Conclusions

Summarizing

The aim of this project was to identify and annotate the selenoproteins, their homologs and the machinery required for their synthesis encoded in Chelonoidis abingdonii’s genome. A total of 37 proteins from Homo sapiens, 1 from G. gallus (Selpb) and 5 from A. carolinensis (SBP2, SelP, SECp43, SelR2 and PSTK, which have also been studied from human proteins) have been compared with an homology-based approach with the genome of Chelonoidis abingdonii using bioinformatic programs.

From a total of 43 proteins, the following characterization has been obtained:

  • Selenoproteins*: DI1, DI2, DI3, GPx1, GPx2, GPx3, GPx4, Sel15, SelH, SelI, SelK, SelM, SelS, SelN, SelP, SelR1/MsrB1, SelT, SPS2, SelW1, TR1, TR2, TR3 and SPS2.
  • Cysteine-containing homologous: GPx7, GPx8, MsrA, SelR2/MsrB2, SelR3/MsrB2, SelU1, SelU2, SelU3, SelW2 and SBP2.
  • Other amino acid-containing homologous: SPS1.
  • Selenoprotein machinery**: eEFSec, SBP2, SPS1, SPS2, PSTK, SECp43 and SecS.
  • Non-predicted selenoproteins: Selpb and SelO.
  • Proteins that are not present in Chelonoidis abingdonii: SelV, GPx5 and GPx6.

*Note that for some predicted selenoproteins we have not been able to find the selenocysteine residue due to annotation or scaffold prediction mistakes.

**Some of the selenoprotein machinery proteins are also classified as selenoproteins or Cys-containing homologs.

From the obtained results we conclude that 40 out of 43 studied proteins have an homologous in Chelonoidis abingdonii, and we were able to predict 38 out of the 40 proteins that were supposed to exist evolutively.
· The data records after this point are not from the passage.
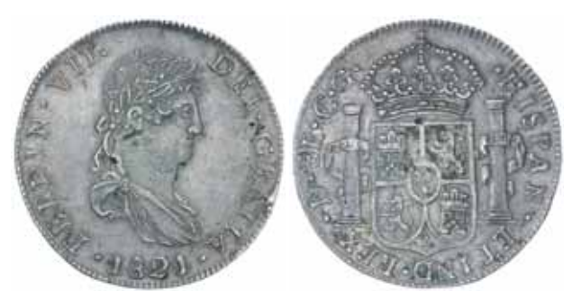
4432* Mexico , Ferdinand VII, silver eight reales, 1821CG, Durango Mint, another Zacatecas Mint (KM.111.2, 111.5). Toned, good very fine; polished very fine. (2)
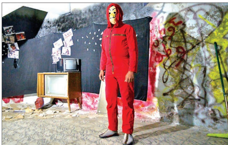
The viral music video has scored hundreds of thousands of hits despite frequent internet blackouts in Iraq.

internet blackouts, hold up signs that read "Justice for our martyrs" and "I want my rights."—AFP ■
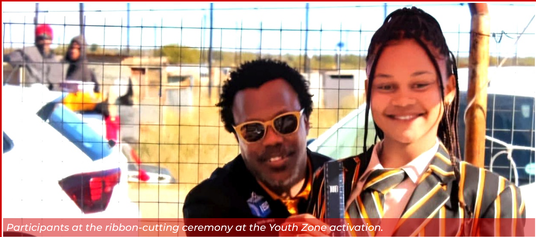
Participants at the ribbon-cutting ceremony at the Youth Zone activation.

This past Friday we marked a significant milestone in activating the Youth Zone Service at Delportshoop Clinic, Dikgatlong Sub District! An initiative of compassion in creating a safe and welcoming environment for young people to access essential services.
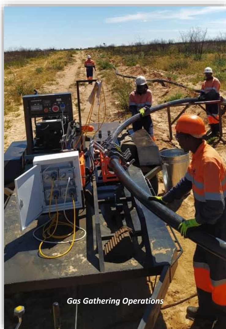
Gas Gathering Operations

In addition, some minor changes to drilling techniques are being assessed with the aim of further increasing gas production rates.
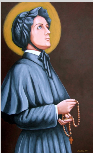
St. Elizabeth Ann Seton, pray for us!

Bulletin deadline: Friday, one week prior to the publication week.
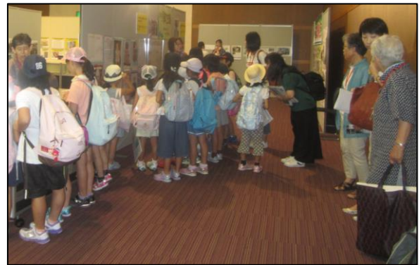
Children listening to their teacher

every day in the extremely hot weather including many young children as shown below..

Further research is needed in order to correctly annotate the proteins whose prediction did not start with a Met (DI1, GPx1/4/7, eEFSec, SECp43, MsrA, Sel15, SelM, SelS, SelU2, SelW1, SelW2, SPS2, TR1, TR2, TR3, SBP2, SelP, SelN, SelO, SelR2, SelR3, SelU2) or that had some gaps. For most predicted selenoproteins we could identify a valid SECIS element and find a Sec residue (except for SelK, SelO, SelW1 and SPS2). However, several times Seblastian software was not able to find them. We think that this corresponds to a false negative.

On the whole, we consider that a relatively high number of proteins have been characterised in Chelonoidis abingdonii and we believe our findings represent a subtle contribution to the current knowledge of selenoproteins.